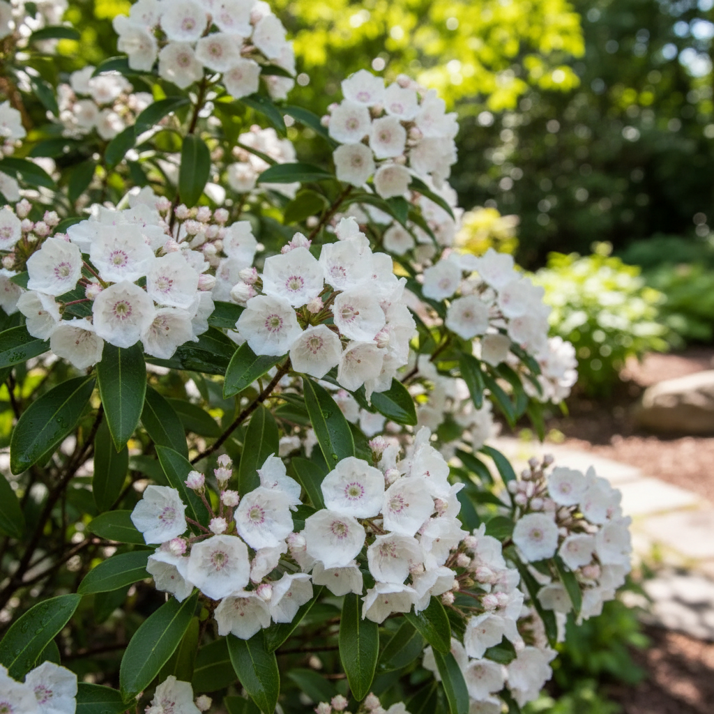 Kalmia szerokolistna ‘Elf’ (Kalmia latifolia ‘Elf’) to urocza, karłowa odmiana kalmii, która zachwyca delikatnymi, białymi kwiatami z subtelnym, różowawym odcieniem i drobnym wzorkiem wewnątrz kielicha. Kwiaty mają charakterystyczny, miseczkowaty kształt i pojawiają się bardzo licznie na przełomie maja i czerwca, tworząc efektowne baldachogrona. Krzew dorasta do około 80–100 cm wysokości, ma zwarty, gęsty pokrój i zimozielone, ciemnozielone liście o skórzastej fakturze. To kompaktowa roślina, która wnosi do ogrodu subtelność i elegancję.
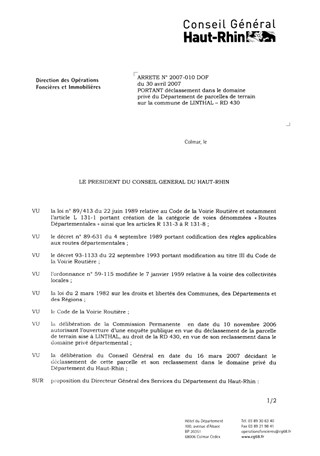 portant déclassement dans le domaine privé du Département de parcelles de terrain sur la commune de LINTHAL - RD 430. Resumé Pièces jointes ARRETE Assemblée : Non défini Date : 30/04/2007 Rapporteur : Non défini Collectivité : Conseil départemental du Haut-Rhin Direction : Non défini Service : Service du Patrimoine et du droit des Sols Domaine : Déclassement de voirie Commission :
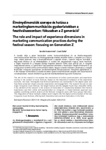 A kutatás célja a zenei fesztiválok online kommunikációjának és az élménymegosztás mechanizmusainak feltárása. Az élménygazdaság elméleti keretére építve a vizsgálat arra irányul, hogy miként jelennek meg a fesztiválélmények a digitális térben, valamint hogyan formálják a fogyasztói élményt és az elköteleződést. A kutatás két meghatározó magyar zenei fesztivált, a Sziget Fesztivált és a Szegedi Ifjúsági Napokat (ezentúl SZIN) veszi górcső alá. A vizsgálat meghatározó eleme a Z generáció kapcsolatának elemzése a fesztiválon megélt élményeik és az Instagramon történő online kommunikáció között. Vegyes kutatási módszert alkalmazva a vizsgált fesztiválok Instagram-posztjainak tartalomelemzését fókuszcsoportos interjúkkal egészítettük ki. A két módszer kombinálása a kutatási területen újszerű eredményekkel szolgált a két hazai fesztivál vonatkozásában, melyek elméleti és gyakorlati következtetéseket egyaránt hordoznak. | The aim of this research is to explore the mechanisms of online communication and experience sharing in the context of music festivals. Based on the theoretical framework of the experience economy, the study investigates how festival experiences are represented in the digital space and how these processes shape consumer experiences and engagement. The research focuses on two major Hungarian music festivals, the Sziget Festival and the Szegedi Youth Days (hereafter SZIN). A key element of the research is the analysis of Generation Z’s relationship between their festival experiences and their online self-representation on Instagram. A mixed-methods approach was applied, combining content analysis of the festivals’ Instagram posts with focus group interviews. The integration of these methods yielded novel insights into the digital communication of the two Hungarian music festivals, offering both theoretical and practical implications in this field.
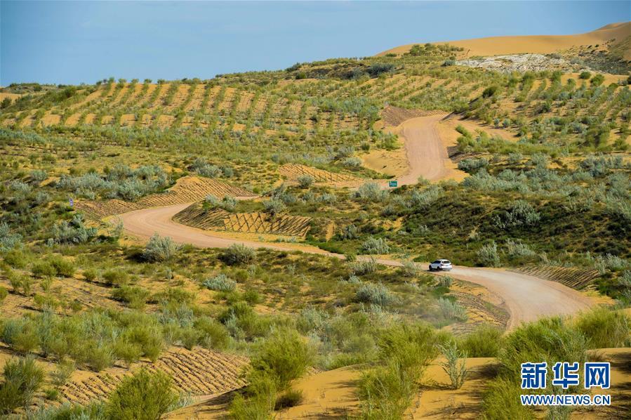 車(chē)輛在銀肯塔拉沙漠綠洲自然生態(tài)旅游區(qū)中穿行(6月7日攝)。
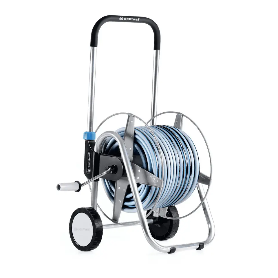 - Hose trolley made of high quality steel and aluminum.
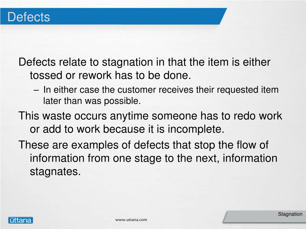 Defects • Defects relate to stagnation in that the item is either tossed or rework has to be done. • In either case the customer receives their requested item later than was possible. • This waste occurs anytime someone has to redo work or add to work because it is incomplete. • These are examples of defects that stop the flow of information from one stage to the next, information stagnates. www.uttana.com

--

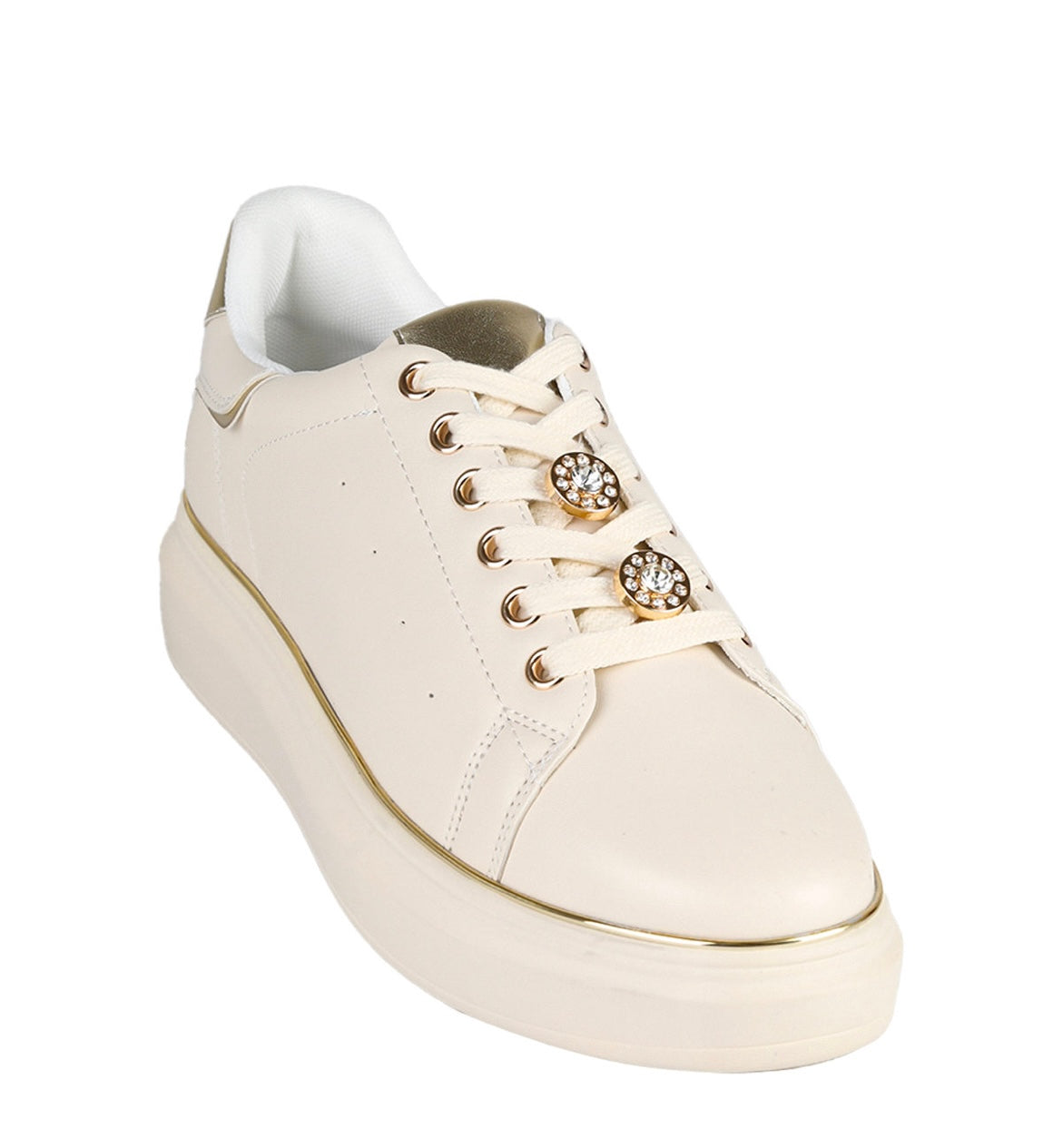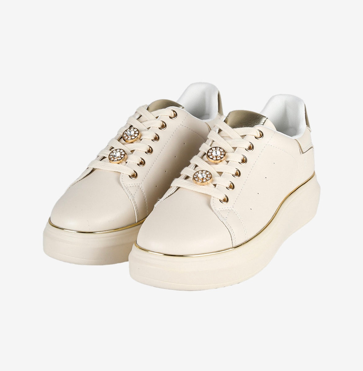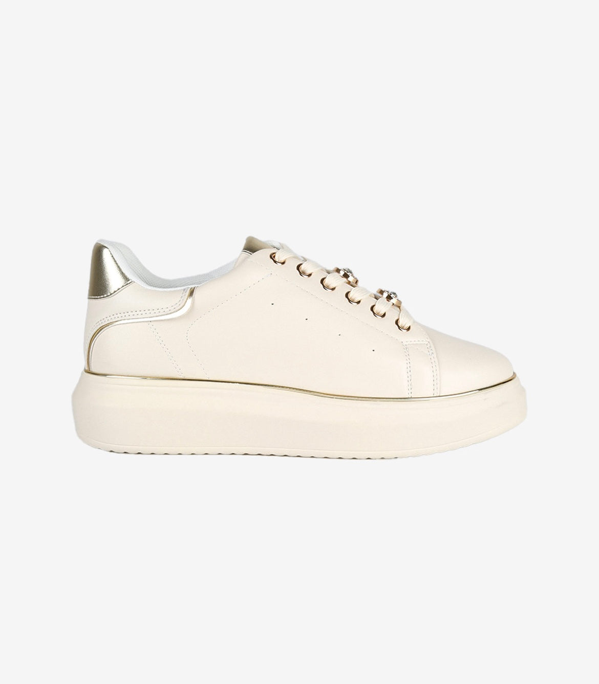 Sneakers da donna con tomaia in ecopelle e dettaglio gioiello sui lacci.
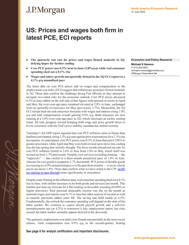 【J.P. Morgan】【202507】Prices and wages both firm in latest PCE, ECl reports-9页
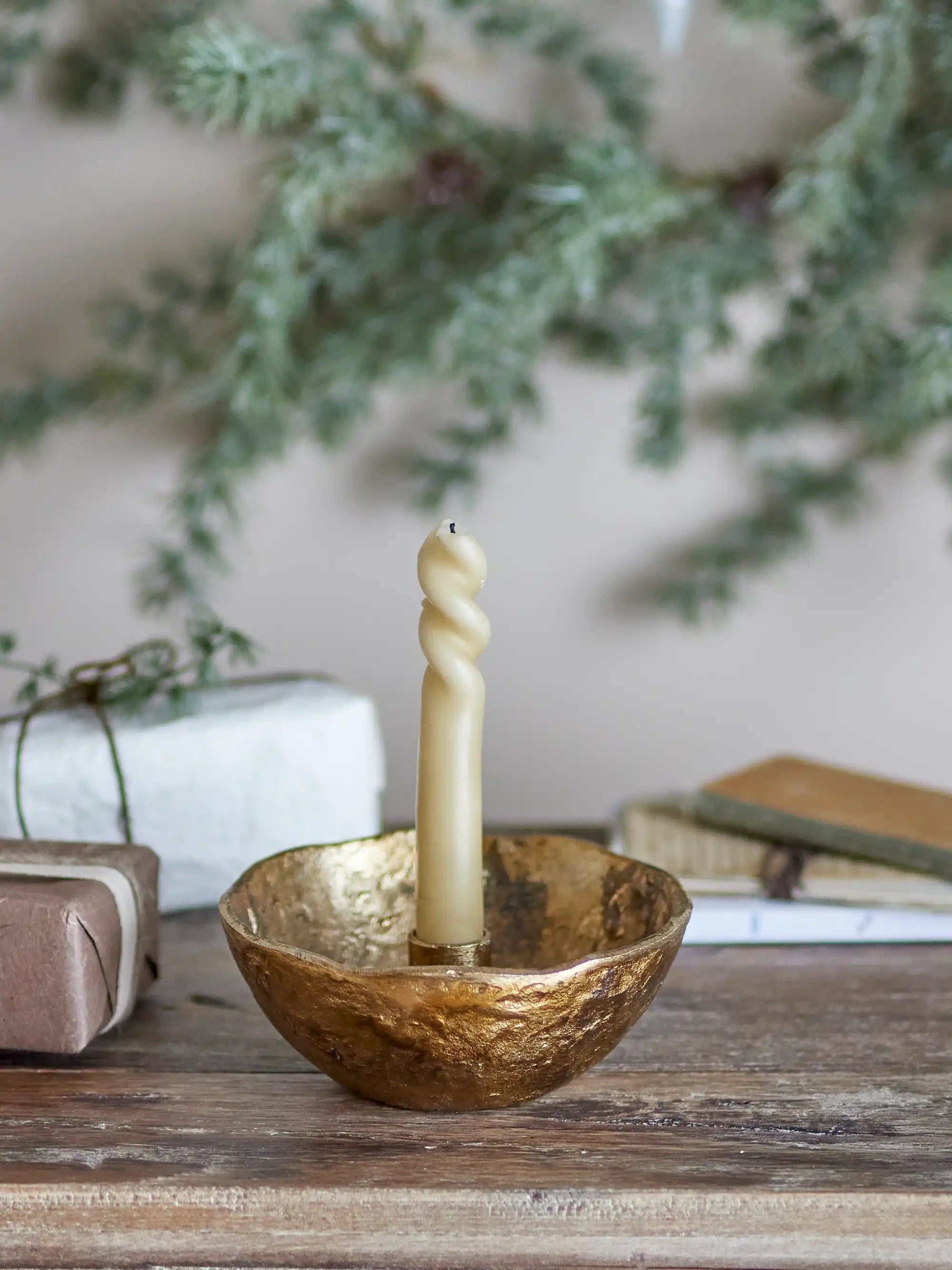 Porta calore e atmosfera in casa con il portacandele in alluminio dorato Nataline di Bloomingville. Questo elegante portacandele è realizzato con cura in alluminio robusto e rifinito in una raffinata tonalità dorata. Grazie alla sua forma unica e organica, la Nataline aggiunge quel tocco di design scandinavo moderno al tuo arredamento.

What you need to do:
Write out word for word the lines of the listing above from the line with "Kalmia szerokolistna ‘Elf’" to the line with "portant déclassement dans", taking in both of those lines but no pictures.

Expected answer:
 Kalmia szerokolistna ‘Elf’ (Kalmia latifolia ‘Elf’) to urocza, karłowa odmiana kalmii, która zachwyca delikatnymi, białymi kwiatami z subtelnym, różowawym odcieniem i drobnym wzorkiem wewnątrz kielicha. Kwiaty mają charakterystyczny, miseczkowaty kształt i pojawiają się bardzo licznie na przełomie maja i czerwca, tworząc efektowne baldachogrona. Krzew dorasta do około 80–100 cm wysokości, ma zwarty, gęsty pokrój i zimozielone, ciemnozielone liście o skórzastej fakturze. To kompaktowa roślina, która wnosi do ogrodu subtelność i elegancję.
 portant déclassement dans le domaine privé du Département de parcelles de terrain sur la commune de LINTHAL - RD 430. Resumé Pièces jointes ARRETE Assemblée : Non défini Date : 30/04/2007 Rapporteur : Non défini Collectivité : Conseil départemental du Haut-Rhin Direction : Non défini Service : Service du Patrimoine et du droit des Sols Domaine : Déclassement de voirie Commission :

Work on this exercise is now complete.